Four men - two of them from Florida and two from North Carolina - came to Alabama in March to commit financial crimes, according.
A federal grand jury in Birmingham this week issued two separate indictments accusing the suspects of traveling to the state to commit access device fraud, Acting U.S. Attorney Robert O. Posey, and U.S. Secret Service Special Agent in Charge Michael Williams announced Friday.
A two-count indictment filed in U.S. District Court charges Alexander Acosta, 27, and Yester Luis Rodriguez Duque, 34, both of Florida, with conspiracy to use, possess and traffic in counterfeit and unauthorized access devices, and with possessing 15 or more of the fraudulent cards.
According to the indictment, Acosta and Duque traveled to Alabama in March to use counterfeit cards to obtain money, goods and services, and that Acosta used at least one of these cards at a Walmart in Vestavia Hills on March 15. At the time, they were in possession of 15 or more counterfeit or unauthorized access devices.
In an unrelated case, the grand jury indicted Charles Antonio Rice, 27, and Hermes Chimaera-El, 35, with two counts of conspiracy to commit access device fraud in March. Additionally, Rice is charged with possessing device-making equipment on March 21. Both men are from North Carolina.
Authorities say Rice and Chimaera-El obtained counterfeit access devices encoded with their own names, but with account numbers belonging to Alabama residents. The pair came to north Alabama in order to use the fraudulent cards to obtain money, goods and services. Rice had an MSRX6 Bluetooth card encoder, according to the indictment.
The U.S. Secret Service investigated both cases in conjunction with its financial service investigator and the Jefferson County Regional Financial Fraud Task Force. Assistant U.S. Attorneys Robin Beardsley Mark and Erica Williamson Barnes are prosecuting the cases.
The maximum penalty for conspiracy to use, possess or traffic in unauthorized or counterfeit access devices is five years in prison and a $250,000 fine. The maximum penalty for possessing 15 or more unauthorized or counterfeit access devices is 10 years in prison and a $250,000 fine, and the maximum penalty for possessing device-making equipment is 15 years in prison and a $250,000 fine.
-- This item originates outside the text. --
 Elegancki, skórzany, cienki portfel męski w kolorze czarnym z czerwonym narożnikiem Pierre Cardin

"The two unrelated cases indicted this week are prime examples of financial crime frequently committed through the creation and use of fraudulent debit, credit and gift cards," Posey said in a prepared statement. "We are fortunate in the Birmingham Metro Area to have the Jefferson County Regional Financial Crimes Task Force, which brings local law enforcement in the county together with the U.S. Secret Service to quickly respond to and investigate these type of crimes."
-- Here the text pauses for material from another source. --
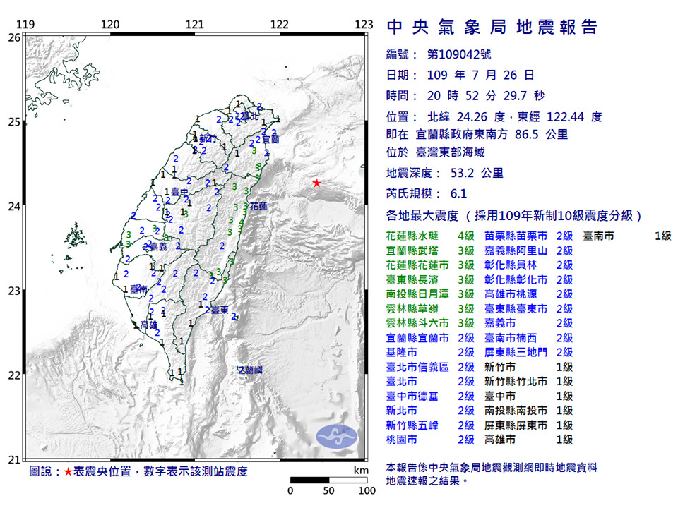 超大一晃!今(26)日20:52左右,東部海域附近發生有感地震,國家級警報大響,告警範圍包含宜蘭縣、台北市。根據氣象局地震報告,東部海域規模6.1地震,深度53km,各地最大震度花蓮4級、宜蘭3級、台東3級、南投3級、雲林3級、台北2級、台中2級、新竹2級、桃園2級、苗栗2級、嘉義2級、彰化2級、高雄2級、台南2級、屏東2級。

"Technology has forever changed the way we do business, making every day financial transactions a prime target for fraud," Williams said, also in a statement . "The Secret Service, in conjunction with the Jefferson County Regional Financial Crimes Task Force, continues to successfully combat financial crimes in the metro area by adapting our investigative methodologies, and educating the general public."